A stone is thrown vertically upwards with a velocity 30 ms −1 . If the acceleration

due to gravity is 10 ms −2 , what is the distance travelled by the particle during the
first second of its motion?

25 m

To find the distance traveled by the particle during the first second of its motion, we need to calculate the total displacement during that time interval.

Step 1: Calculate the maximum height reached by the stone.
To find the maximum height reached by the stone, we can use the following formula:

v^2 = u^2 + 2as

where:
v = final velocity (0 m/s, since the stone reaches the highest point and momentarily stops)
u = initial velocity (30 m/s)
a = acceleration due to gravity (-10 m/s^2)
s = displacement or height reached

Rearranging the equation, we get:
s = (v^2 - u^2) / (2a)

Plugging in the values, we have:
s = (0^2 - 30^2) / (2 * -10)
s = (-900) / (-20)
s = 45 meters

Step 2: Calculate the distance traveled during the first second.
Since the stone is thrown vertically upwards, the distance traveled during the first second will be equal to the distance traveled upwards until it reaches its maximum height.

The time taken to reach the maximum height can be calculated using the equation:
v = u + at

where:
v = final velocity (0 m/s)
u = initial velocity (30 m/s)
a = acceleration due to gravity (-10 m/s^2)
t = time taken

Rearranging the equation, we get:
t = (v - u) / a
t = (0 - 30) / -10
t = 3 seconds

However, we are only interested in the distance traveled during the first second, so we need to find the distance traveled during this time.

Using the equation of motion:
s = ut + (1/2)at^2

where:
s = displacement or distance traveled
u = initial velocity (30 m/s)
t = time (1 second)
a = acceleration due to gravity (-10 m/s^2)

Plugging in the values, we have:
s = 30 * 1 + (1/2) * (-10) * (1)^2
s = 30 - 5
s = 25 meters

Therefore, the stone travels a distance of 25 meters during the first second of its motion.

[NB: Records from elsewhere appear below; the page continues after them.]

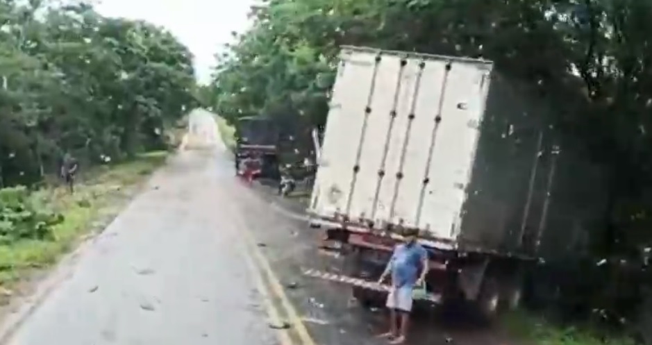 Duas carretas e um caminhão-baú se envolveram em um acidente na madrugada desta terça-feira (21) na BR-349, por volta das 3h, em um trecho próximo ao trevo da localidade do Mocambo, em Santa Maria da Vitória.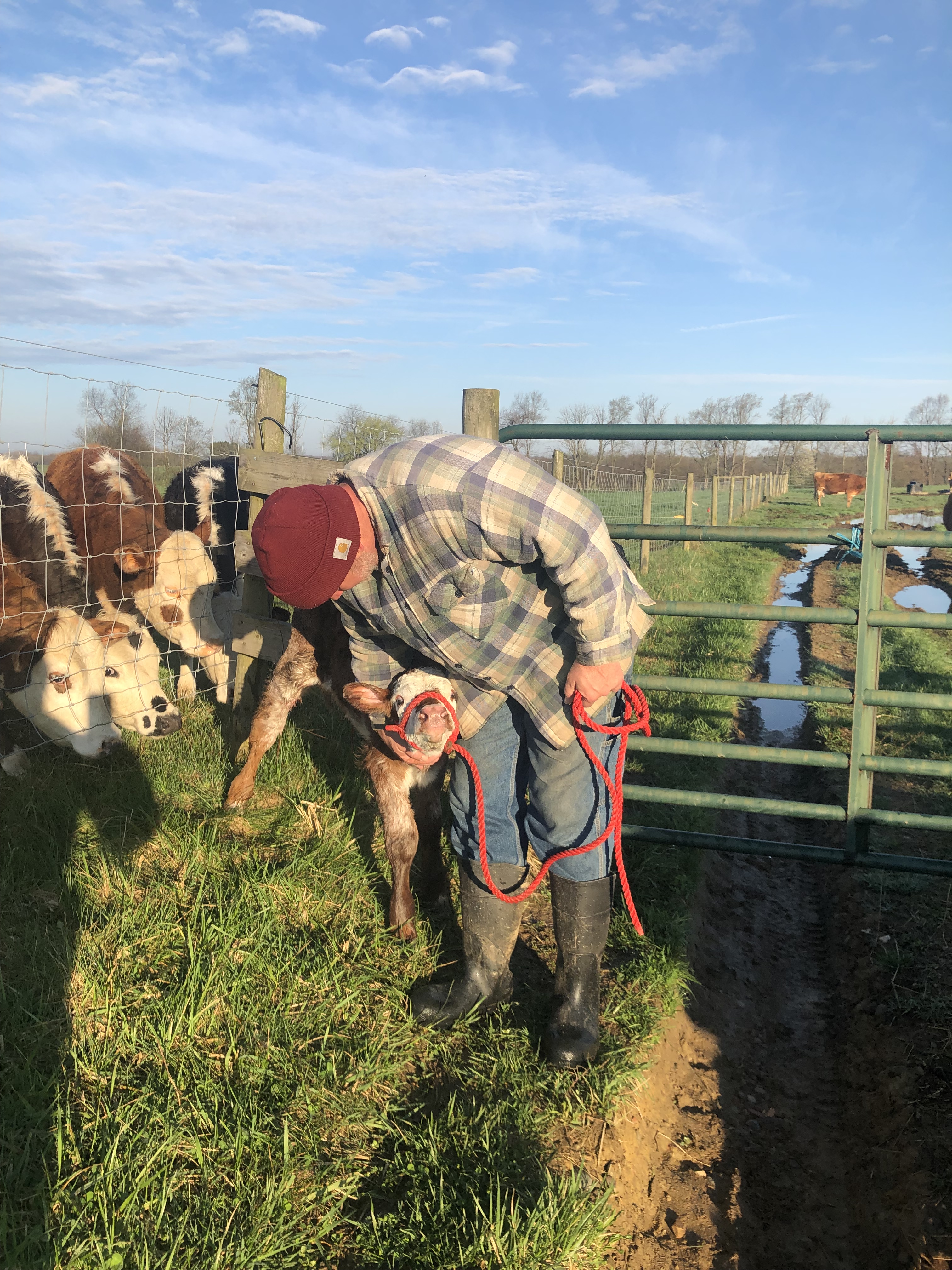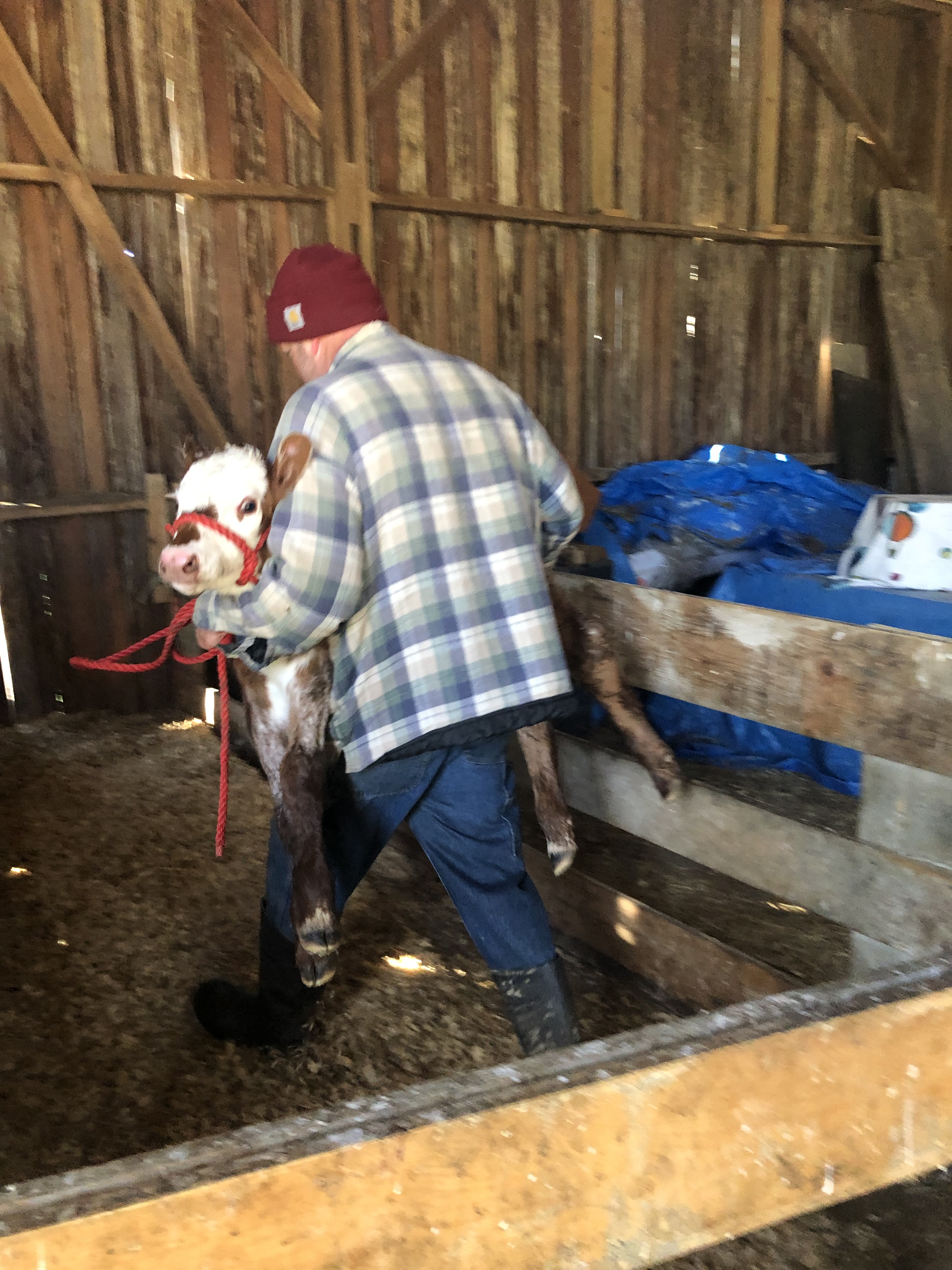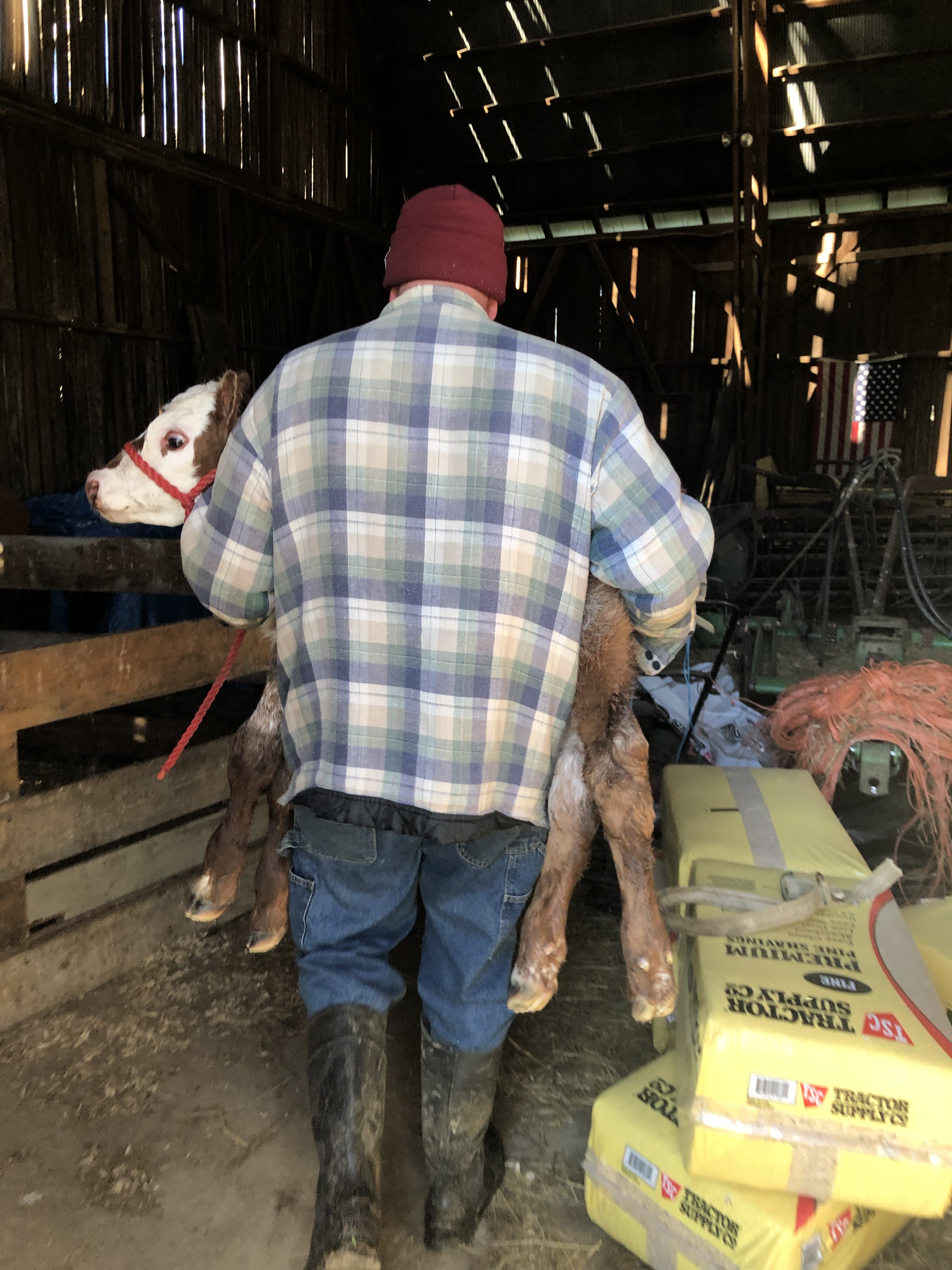 Then Mike took Jarjar from me, and walked him with Gluey & Ruby toward the barn. At this point, BOTH mamas thought Jarjar was their calf, lol.🙄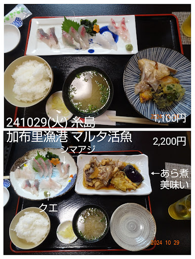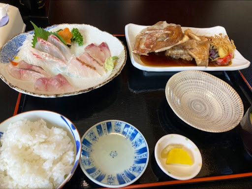 Read moreお昼も予約制ですが、当日電話しても快く入店出来ましたが、日曜日昼だからか満席で、1時間後しか空かないとのことでしたので、近くをドライブしていました。 今日はイカはありません、との事で残念でした。 ランチは手ごろな1,080円台の定食(一品と味噌汁、ごはん、漬物)と、2,160円の私らがいただいたセット(フライかあらだき+刺し盛り、ごはん、漬物、味噌汁)の2段階あります。 わたしは刺し盛りと魚のミックスフライのセット、夫は刺身とあらだきのセットに。

To find the distance traveled by the stone during the first second of its motion, we need to calculate the height it reaches and then subtract the initial position from it.

To calculate the height reached by the stone, we can use the following kinematic equation:

s = ut + 0.5 * a * t^2

Where:
s = height reached
u = initial velocity = 30 m/s (given)
a = acceleration due to gravity = -10 m/s^2 (negative because it acts in the opposite direction)
t = time = 1 second (first second of motion)

Plugging in the values:

s = (30 * 1) + (0.5 * -10 * 1^2)
s = 30 - 5
s = 25 meters

So, the stone reaches a height of 25 meters during the first second of its motion.

However, we need to calculate the distance traveled, which involves the stone's initial position. Since the stone is thrown vertically upwards, we can assume its initial position is at the ground level (which is usually taken as zero).

Thus, the distance traveled by the stone during the first second of its motion is equal to the height reached, which is 25 meters.